Case in point: the Federal Aviation Administration’s announcement last week that as of April 7 it would no longer fund on-site airport traffic controllers at non-airline airports. Among the airports affected would be Cobb County McCollum Field just outside Kennesaw, which despite its comparative low profile is annually one of Georgia’s five busiest airports. Why worry about safety when there are political points the president thinks he can make?
However, he’s finding out that door swings both ways. While Obama and his Capitol Hill allies talk about how the Sequester will mean job cuts for teachers and firefighters (who typically are paid with local funding, not federal, which he apparently doesn’t know), the president’s critics have been quick to publicize some of the federal spending he could be cutting, but isn’t.
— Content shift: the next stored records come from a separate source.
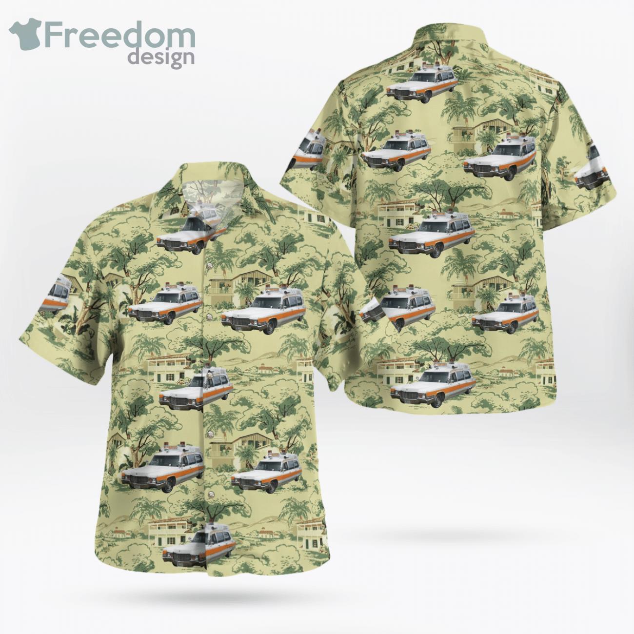 Chicago Llinois 1969 Cadillac Superior Ambulance Service Hawaiian Shirt
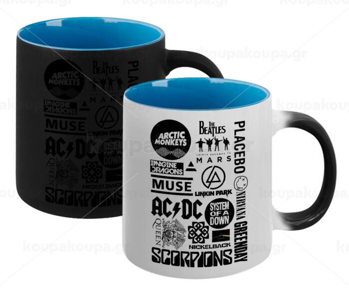 Best Rock Bands Collection, Κούπα Μαγική εσωτερικό μπλε, κεραμική 330ml που αλλάζει χρώμα με το ζεστό ρόφημα
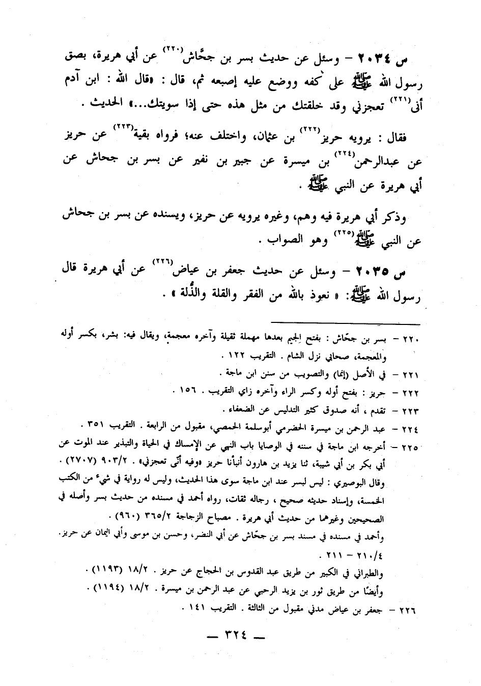 2034- وسئل عن حديث بسر بن جحاش، عن أبي هريرة، بصق رسول الله صلى الله عليه وسلم على كفه ووضح عليه إصبعه ثم، قال: قال الله: ابن آدم أنى تعجزني وقد خلقتك من مثل هذه حتى إذا سويتك ... الحديث.
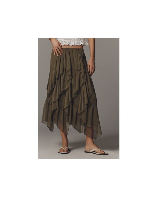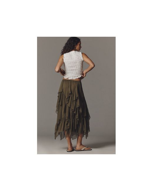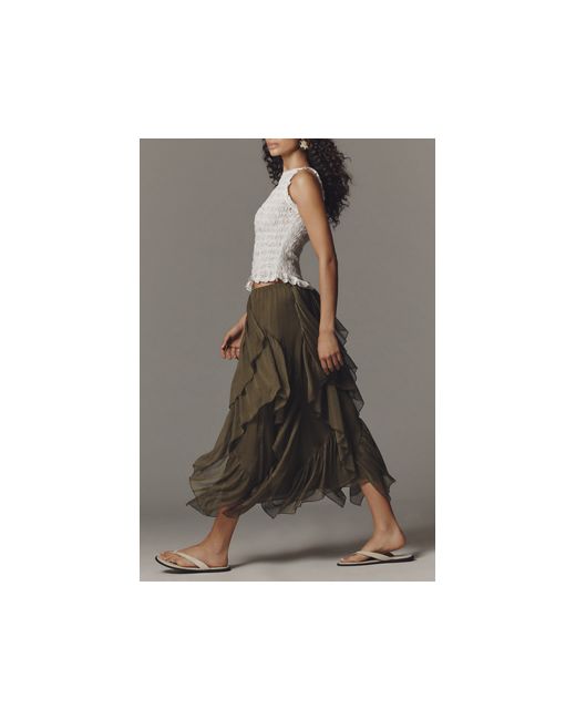 By Mare Mare 100% Polyester Pull-on styling Layered ruffle detailing Dry clean Imported Layered Ruffle Midi Skirt by Mare Mare in Green, Women's Size: XS, Polyester at Anthropologie
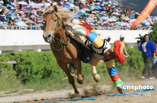 9月1日,2008中國拉薩雪頓節(jié)馬術(shù)表演和賽牦牛在拉薩賽馬場舉行。馬術(shù)表演和賽牦牛是藏民族傳統(tǒng)體育競技比賽,當(dāng)日來自拉薩市縣區(qū)的幾支隊伍進行了精彩的騎馬射擊、馬術(shù)表演、拾哈達及賽牦牛活動,吸引了成千上萬的游客和市民前來觀看。中新社發(fā) 周波 攝
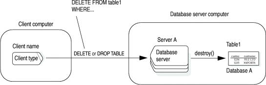 The following figure shows when the database server executes the destroy() function. Figure 1. Execution of the destroy() support
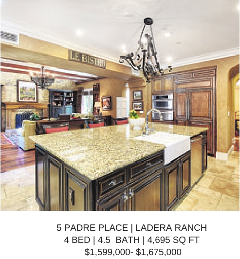 5 PADRE PLACE | LADERA RANCH 4 BED | 4.5 BATH | 4,695 SQ FT $1,599,000- $1,675,000
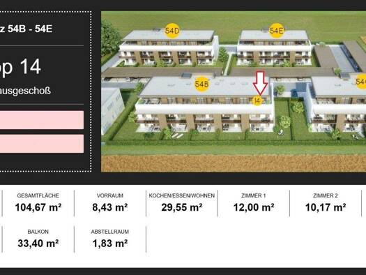Neuwertige, sonnige, räumlich gut eingeteilte, sofort beziehbare Eigentumswohnung mit großem, teilüberdachtem Ostbalkon. Die zu verkaufende Wohnungen Top 10 ist mittig im 1 OG angeordnet und hat...
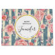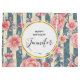 Grand sac cadeau avec une belle motif avec de jolies fleurs roses disposées sur un motif rayé composé de rayures bleues et crème. Un cadre en cercle blanc avec une fausse bordure en feuille d'or, superposé avec votre texte personnalisé à l'intérieur.

Things like the three White House calligraphers, who together earn almost $277,000 per year. Or the Environmental Protection Agency’s $141,000 spent on a Chinese study of swine manure. Yes, swine manure.
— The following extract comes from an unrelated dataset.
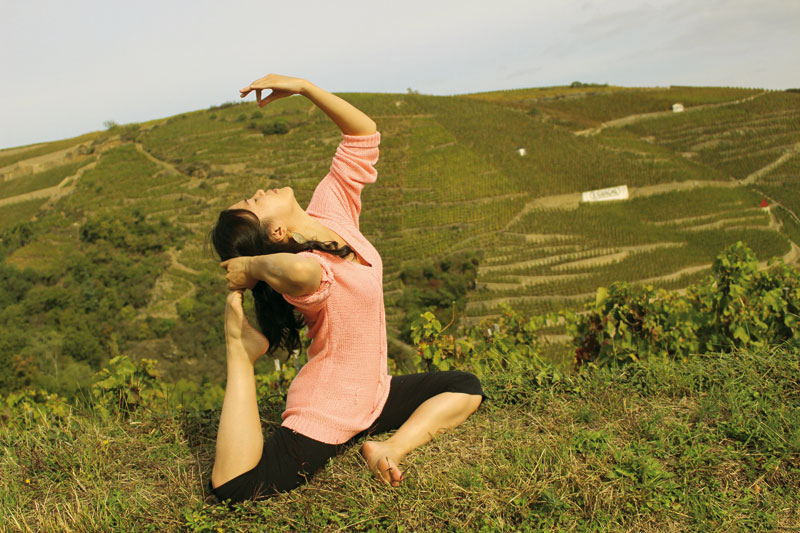 Kissline Mai, professeur de yoga à Orezen posant en posture du pigeon dans un champ de vigne.
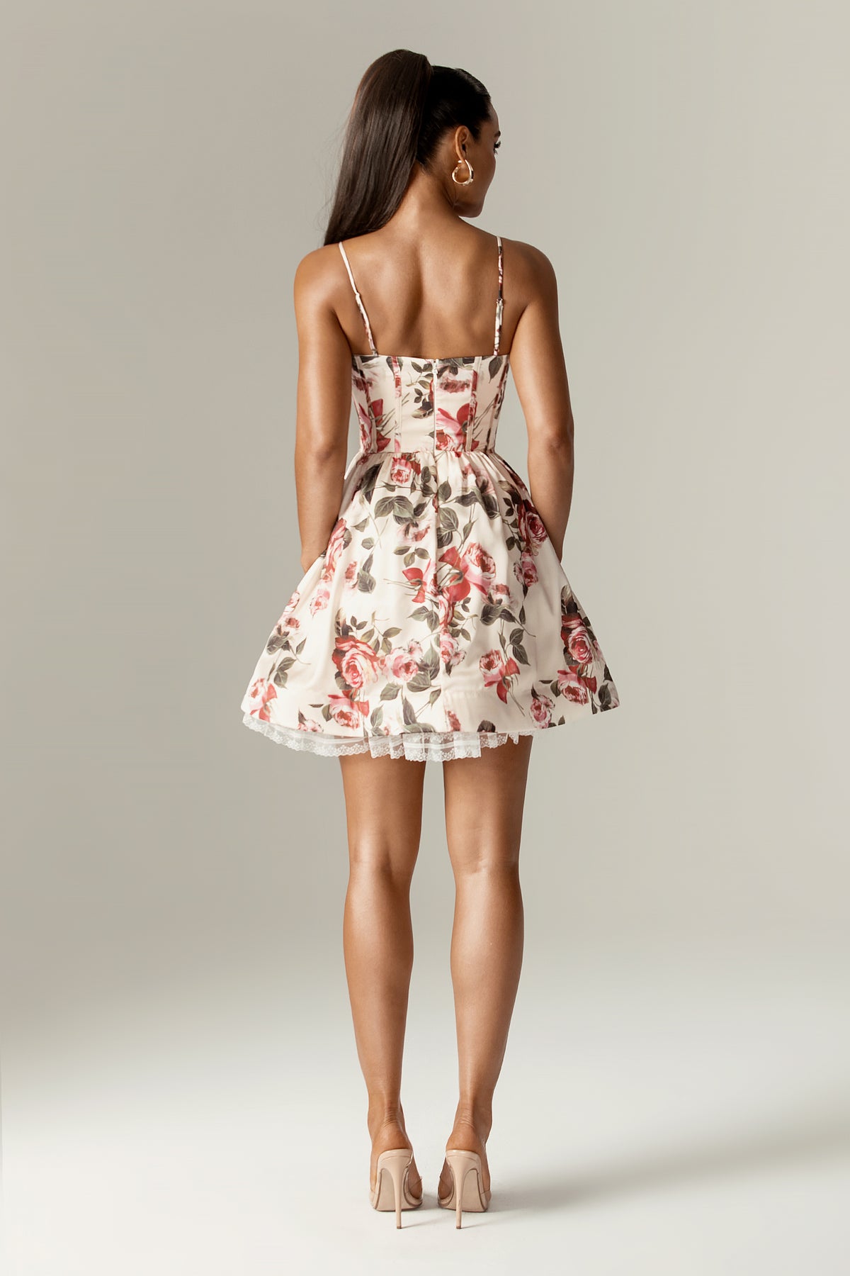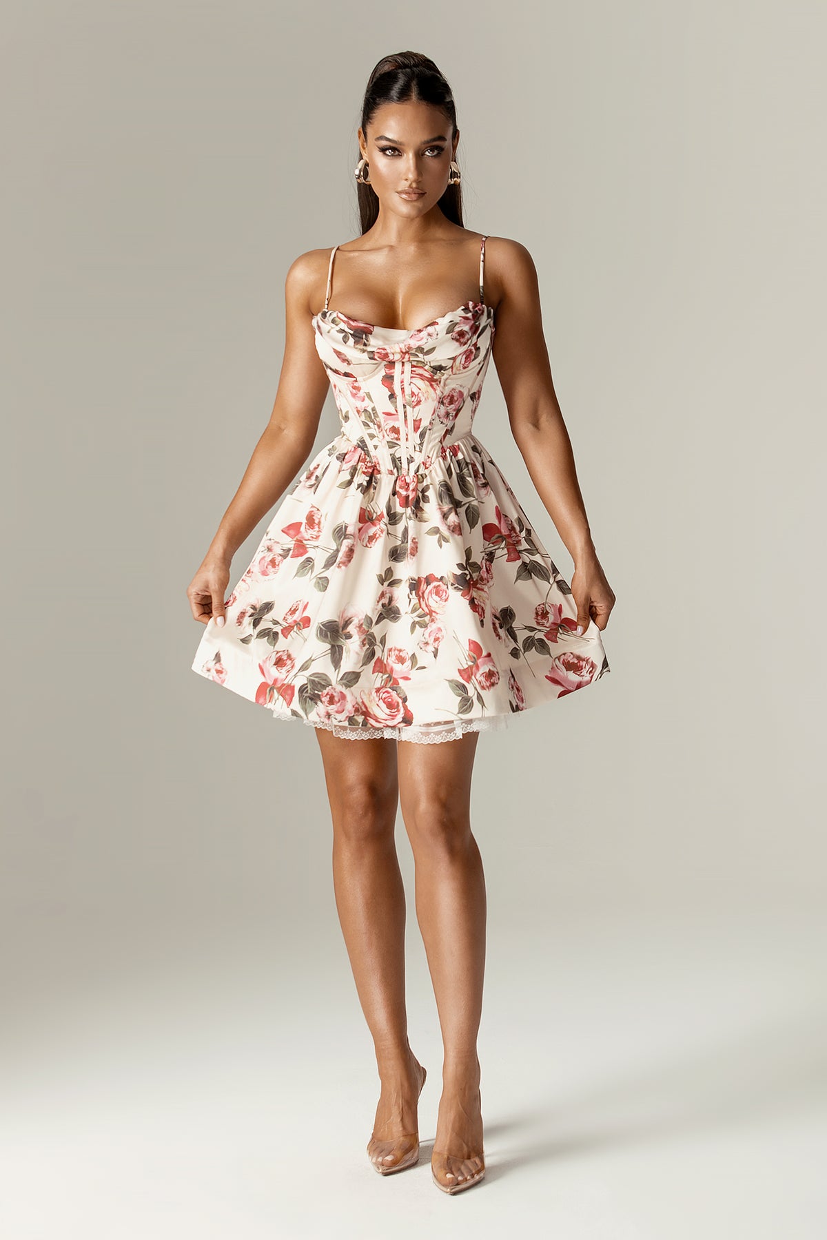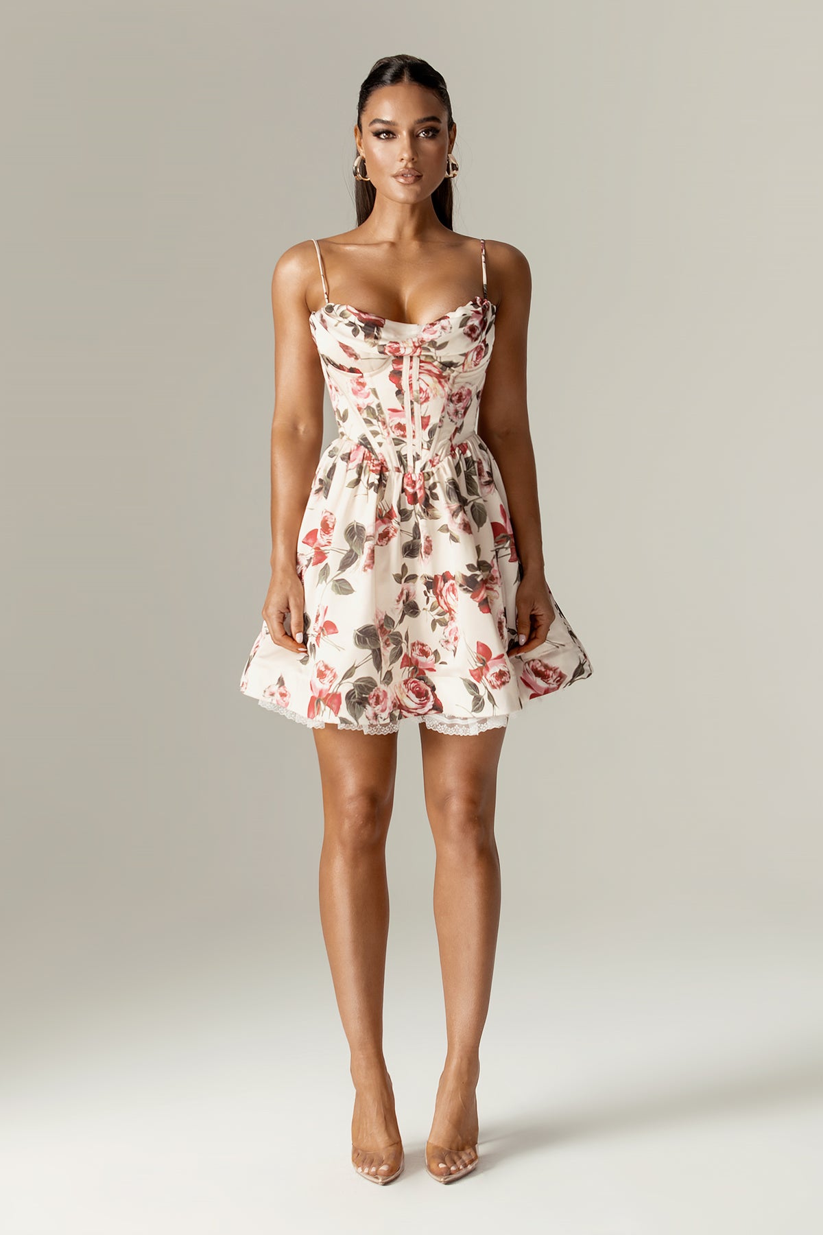 Altha Italian Rose Print Corset Mini Dress (Rose Print)

And as long as we’re talking about four-legged critters, how about the National Science Foundation’s $325,000 funding for construction of a robotic squirrel?
Let’s not overlook the White House failure to cut a dime from its $27 million project to help fund pottery classes in Morocco.
And as the Wall Street Journal reported late last week, “The government gave a $3,700 grant to build a miniature street in West Virginia — out of Legos. It shelled out $500,000 to support specialty shampoo products for cats and dogs. A San Diego outfit got $10,000 for trolley dancing. The feds last year held 894 conferences that each cost more than $100,000 — $340 million altogether.”
Yet, in a PR stunt that quickly backfired, Obama announced that he was cancelling tours of the White House because of the Sequester cuts, saving about $18,000 a week, which as Forbes magazine noted was the rough equivalent of the cost of keeping Air Force One in the air for two hours.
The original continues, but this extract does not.